OK... The actual reason I didn't want to make a lot of tests is that I'll use my only computer to do them, but I want these tests to be honest , so I'll run them with the minimal number of processes running. This isn't per se a problem, but what am I supposed to do during the tests? Shave? So I decided to do only three tests: ext4 with delayed allocation (without nodelalloc ), default XFS, optimized XFS. The reason I didn't optimize ext4, is that I didn't find any nice text about it. There are only small modifications, such as using noatime , but this applies to all filesystems.
I have a spare partition here of 15GB that I'll use for the tests. My home partition is a lot bigger than that, but that's what I have. Besides, my root partition is a little smaller than that, so although the tests won't be a good representation of my home partition, it'll be a very good one of my root partition. This test partition won't be using LVM nor cryptography and these are the options I've used:
mkfs.ext4 /dev/sda3
mkfs.xfs /dev/sda3
mkfs.xfs -l lazy-count=1,size=128m /dev/sda3
The ext4 partition uses the defaults of Arch Linux:
[defaults]
base_features = sparse_super,filetype,resize_inode,dir_index,ext_attr
blocksize = 4096
inode_size = 256
inode_ratio = 16384
[fs_types]
ext4 = {
features = has_journal,extents,huge_file,flex_bg,uninit_bg,dir_nlink,extra_isize
inode_size = 256
}
The optimized XFS has two different options related to logs: by default, XFS uses a log of 22MB, but its performance increases with bigger logs, so we use 128MB. Also, XFS tries to keep counters in superblocks always up to date, but this information can be retrieved only when necessary. Turning on lazy-count, we avoid some disk writes.

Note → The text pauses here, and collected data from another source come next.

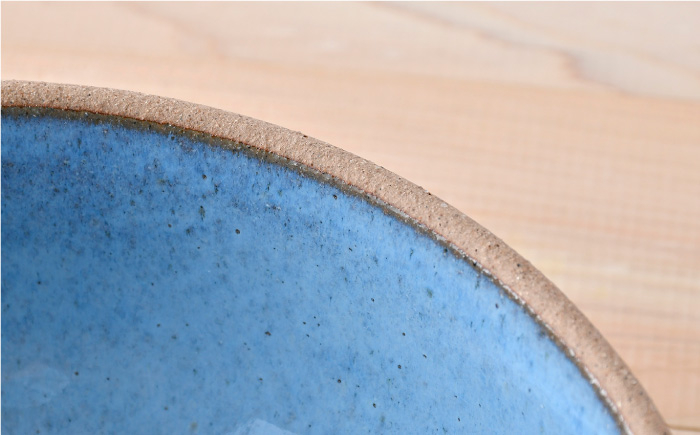 水色の爽やかな色合いに、焼き締めの部分がデザインされたナチュラル感が魅力的。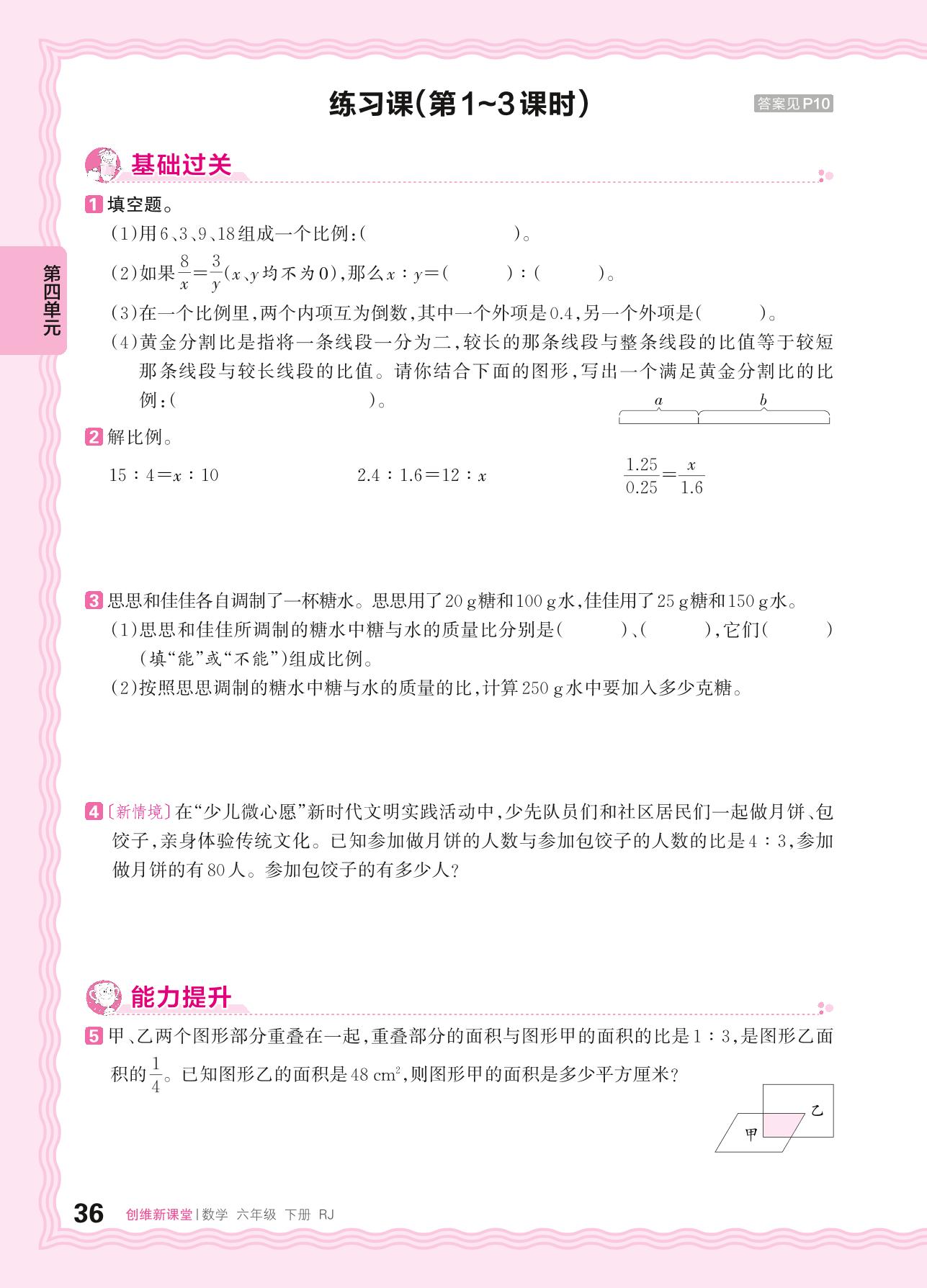 2024春下册六年级数学人教版 第四单元 比例——比例的意义、比例的基本性质、解比例练习课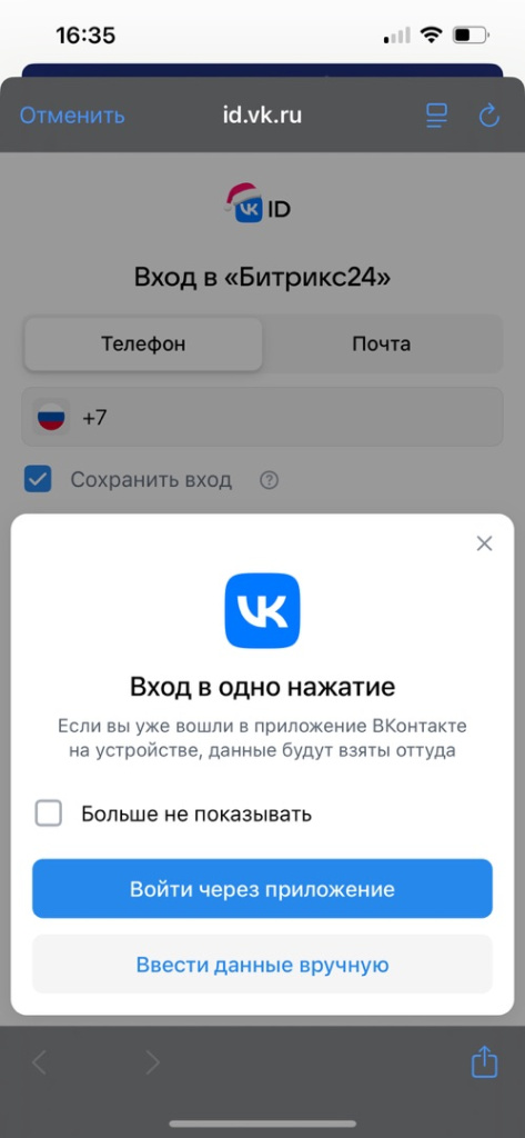 ВКонтакте, Яндекс. Нажмите на иконку сервиса, который связан с вашей учетной записью Битрикс24. Разрешите приложению доступ к учетной записи.

All three filesystems will be mounted with noatime . Ext4 and default XFS won't have any other option specified beyond this one. The optimized XFS will be mounted with two other options: logbufs=8, which increase the number of log buffers from 2 to 8, and logbsize=256k which increases log buffers size from 32KB to 256KB. This increases memory usage, of course, but I have 3GB. It won't be 2MB that will make me run out of memory.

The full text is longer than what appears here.